Applied Mathematics Laboratory, Courant Institute of Mathematical Sciences, New York University, New York, New York 10012, USA and Department of Mechanical and Aerospace Engineering, Princeton University, Princeton, New Jersey 08544, USA.
Applied Mathematics Laboratory, Courant Institute of Mathematical Sciences, New York University, New York, New York 10012, USA.
Phys Rev Lett. 2014 Mar 28;112(12):128304. doi: 10.1103/PhysRevLett.112.128304. Epub 2014 Mar 26.
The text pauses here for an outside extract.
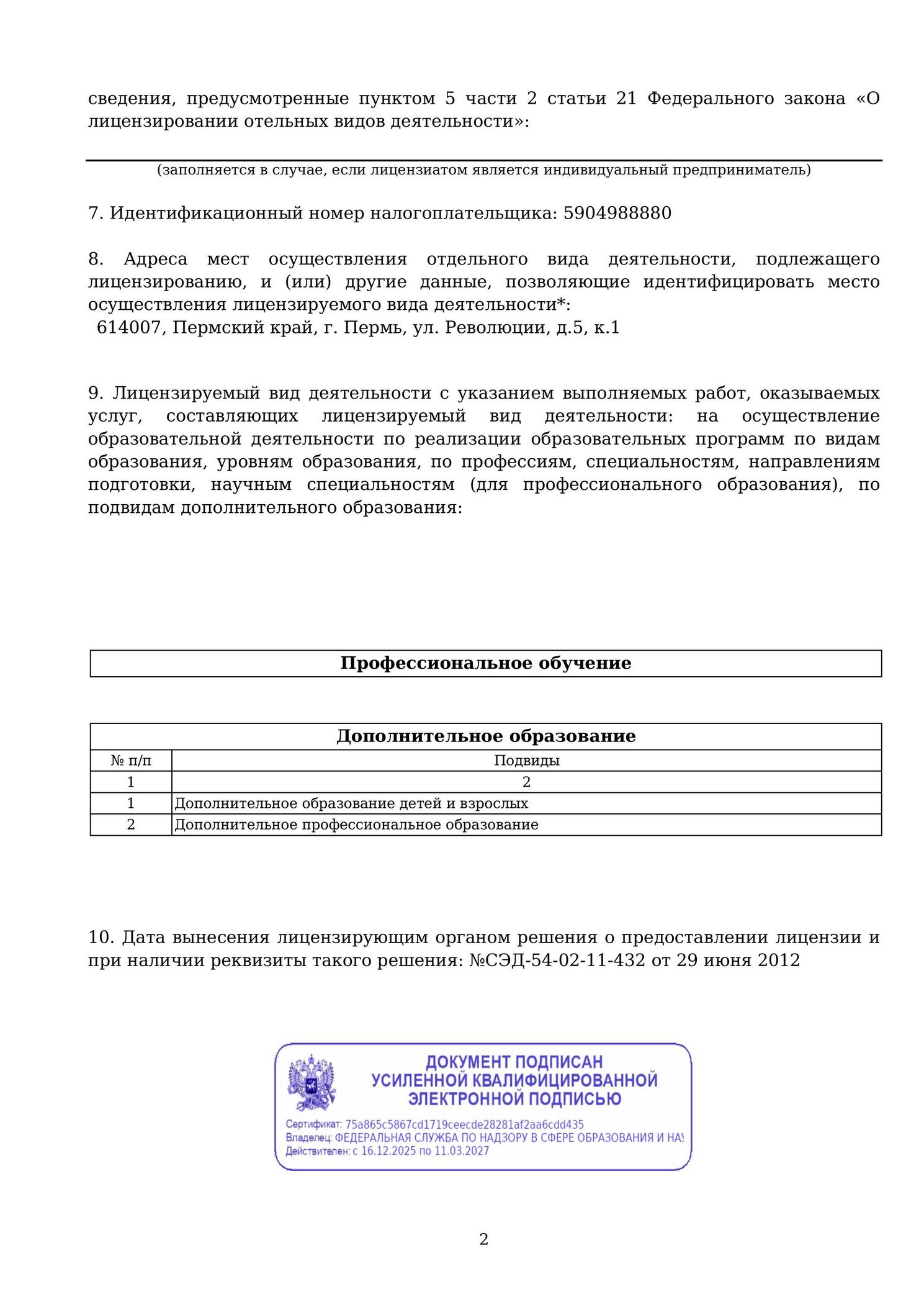 Да, АНО ДПО «Уральский институт повышения квалификации и переподготовки» действует на основании государственной лицензии. Разрешение на ведение образовательной деятельности действует бессрочно с 2015 года. Проверить наличие разрешительной документации можно на сайте Рособрнадзора. Электронные копии разрешений есть в разделе «Сводный реестр лицензий». Перейдите на сайт госструктуры, введите ИНН 5904988880 в соответствующем поле и нажмите кнопку «Поиск». В лицензии будет указана следующая информация:

We study theoretically the collective dynamics of immotile particles bound to a 2D surface atop a 3D fluid layer. These particles are chemically active and produce a chemical concentration field that creates surface-tension gradients along the surface. The resultant Marangoni stresses create flows that carry the particles, possibly concentrating them. For a 3D diffusion-dominated concentration field and Stokesian fluid we show that the surface dynamics of active particle density can be determined using nonlocal 2D surface operators. Remarkably, we also show that for both deep or shallow fluid layers this surface dynamics reduces to the 2D Keller-Segel model for the collective chemotactic aggregation of slime mold colonies. Mathematical analysis has established that the Keller-Segel model can yield finite-time, finite-mass concentration singularities. We show that such singular behavior occurs in our finite-depth system, and study the associated 3D flow structures.
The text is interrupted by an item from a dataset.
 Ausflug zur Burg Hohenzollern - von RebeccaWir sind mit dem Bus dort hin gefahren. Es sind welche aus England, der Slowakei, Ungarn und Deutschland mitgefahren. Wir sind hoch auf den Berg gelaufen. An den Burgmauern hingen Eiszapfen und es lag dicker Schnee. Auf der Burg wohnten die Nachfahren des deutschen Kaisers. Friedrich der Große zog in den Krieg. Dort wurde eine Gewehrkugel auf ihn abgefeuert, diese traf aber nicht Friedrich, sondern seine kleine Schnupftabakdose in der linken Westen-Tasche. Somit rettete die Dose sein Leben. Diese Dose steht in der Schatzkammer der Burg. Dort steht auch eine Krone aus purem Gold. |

我们从理论上研究了固定在 3D 流体层之上的 2D 表面上的非运动粒子的集体动力学。这些粒子是化学活性的,并产生化学浓度场,沿表面产生表面张力梯度。由此产生的 Marangoni 应力会产生携带粒子的流动,可能会使粒子浓缩。对于 3D 扩散主导的浓度场和 Stokesian 流体,我们表明可以使用非局部 2D 表面算子来确定活性粒子密度的表面动力学。值得注意的是,我们还表明,对于深或浅的流体层,这种表面动力学都可以简化为用于粘液霉菌菌落集体趋化聚集的 2D Keller-Segel 模型。数学分析已经证明,Keller-Segel 模型可以产生有限时间、有限质量的浓度奇点。我们表明,这种奇异行为发生在我们的有限深度系统中,并研究了相关的 3D 流动结构。